Sun Oct 3 01:00:27 CEST 2010

A while back on some issue or another I remember telling someone that
if there was any sort of clever hack that would allow the current email
package (email5) to work with bytes we would have implemented it.

Well, I've come up with a clever hack.

The idea came out of a conversation with Antoine.  I was saying that it
was ironic that Unicode could only be used as a 7bit-clean data
transmission channel for email, and he remarked that by using
surrogate escape you *could* use unicode as a transmission channel
for 8bit data.  At first I dismissed this observation as irrelevant
to email, since email has to transform the 8bit data at some point.

But I started thinking.  And then I started experimenting.  And it turns
out that it works.

The clever hack (thanks ultimately to Martin) is to accept 8bit data
by encoding it using the ASCII codec and the surrogateescape error
handler.  Then, inside the email module at any point where bytes might
be meaningful or might be about to escape, it can check to see if there
are any surrogates and act accordingly.

The API additions are few, and in fact for most programs (he says bravely,
not really knowing) there are really only two changes you need to make
when converting a program that handles bytes data to py3k.  The first
is the encoding of binary input data as mentioned.  The second is that
when you want to get the bytes back out, you use the new BytesGenerator
instead of Generator.  BytesGenerator is just like Generator except
that it writes bytes to its file argument instead of strings, and it
recovers any bytes that were in the original input.

So given this sequence:

    msg = email.msg_from_file(open('myfile',
                                   encoding='ascii',
                                   errors='surrogateescape'))
    email.generator.BytesGenerator(open('myfile2', 'wb')).flatten(msg)

myfile and myflie2 will theoretically be identical (modulo universal
newline and _mangle_from issues).

I've additionally added a 'message_from_bytes' convenience function.

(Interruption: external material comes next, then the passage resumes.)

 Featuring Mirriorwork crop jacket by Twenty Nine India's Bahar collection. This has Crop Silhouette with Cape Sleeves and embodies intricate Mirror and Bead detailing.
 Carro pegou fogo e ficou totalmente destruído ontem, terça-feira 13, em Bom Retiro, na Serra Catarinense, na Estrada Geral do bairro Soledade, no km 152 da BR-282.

One nice feature of this patch is that once you've got the model built
from surrogateescaped input, if you do a get_payload() on a message body
whose ContentTransferEncoding is '8bit' you will get the body decoded
to unicode using the charset declared in the Content-Type header
(assuming Python supports that charset).

You can always get at the bytes version of the body of a message part by
using get_payload(decode=True) [*].  You can't really get at the bytes
version of message headers, though...for safety if you access a header
whose value contains non-ASCII chars (that aren't RFC2047 encoded to be
ASCII) the 8bit characters get replaced with '?'s.  (But BytesGenerator
will emit the original 8bit characters if the headers haven't been
modified.)

I do not propose that this is a *good* API, since it has the classic
problem that if there are coding bugs in the email module strings may
"escape" that have surrogates in them and we end up with programs that
work most of the time....except when they fail with mysterious errors
because of unusual bytes input data.  On the other hand you always
*know* when you have bytes data in an unknown encoding (because they
are surrogate escaped), so it is ever so much better than the Python2
situation.

The advantage of this patch is that it means Python3.2 can have an
email module that is capable of handling a significant proportion of the
applications where the ability to process binary email data is required.

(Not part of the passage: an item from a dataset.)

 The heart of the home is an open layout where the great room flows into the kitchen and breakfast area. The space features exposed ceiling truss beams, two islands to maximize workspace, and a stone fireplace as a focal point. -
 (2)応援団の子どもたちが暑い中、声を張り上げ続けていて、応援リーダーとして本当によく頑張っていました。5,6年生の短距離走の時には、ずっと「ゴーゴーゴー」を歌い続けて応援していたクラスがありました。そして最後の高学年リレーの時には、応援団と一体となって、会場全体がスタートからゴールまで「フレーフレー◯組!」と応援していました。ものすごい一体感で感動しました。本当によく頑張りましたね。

I've uploaded the patch to issue 4661 (http://bugs.python.org/issue4661).
I uploaded it to rietveld as well just before Martin's announcement.
After the announcement I uploaded the svn patch to the tracker, so
hopefully there will be an automated review button as well.  Here
is your chance to exercise the new review tools :)

This patch does break two of Barry's patch-for-review rules: it is
more than 800 lines of diff (but not a lot more, and less than 800
if you count only code diff and not docs), and it did not have a very
extensive design discussion beforehand.  I did talk with people on IRC,
particularly Barry, before finishing the patch, and I did post a summary
to the email-sig mailing list (but got no response).

Now it is time to see what the wider community thinks.  There is some
question of whether this is a bending of the string/bytes separation
that doesn't belong as part of the standard library, but after working
my way through it I think it is a fairly clean hack[**], and most
likely a case where practicality beats purity.

Regardless of whether or not this patch or a descendant thereof is
accepted I still intend to continue working on email6.  There are many
other bugs in the current email package that require a rewrite of parts
of its infrastructure, and the email-sig is agreed that the email API
needs revision quite apart from the bytes/string issues.  However, there
is something pleasing about the simplicity of this way of handling bytes
that I intend to consider carefully while we work further on email6.

--David

[*] It is counterintuitive that 'decode=True' gives you bytes and
'decode=False' gives you strings, but in this case 'decode' refers to
the ContentTransferEncoding...and this confusion is one of the reasons
I think the email API needs a big overhaul.

[**] There are a couple places where generator pokes into the internals of
Message in a way it hasn't before, but this could be fixed by defining a
'bytes access' API on Message, which would probably be a good idea anyway.
There is also the possibility of wrapping up the 'ascii+surrogateesape'
stuff inside APIs that accept input data, to hide that 'implementation
detail' from the email package user.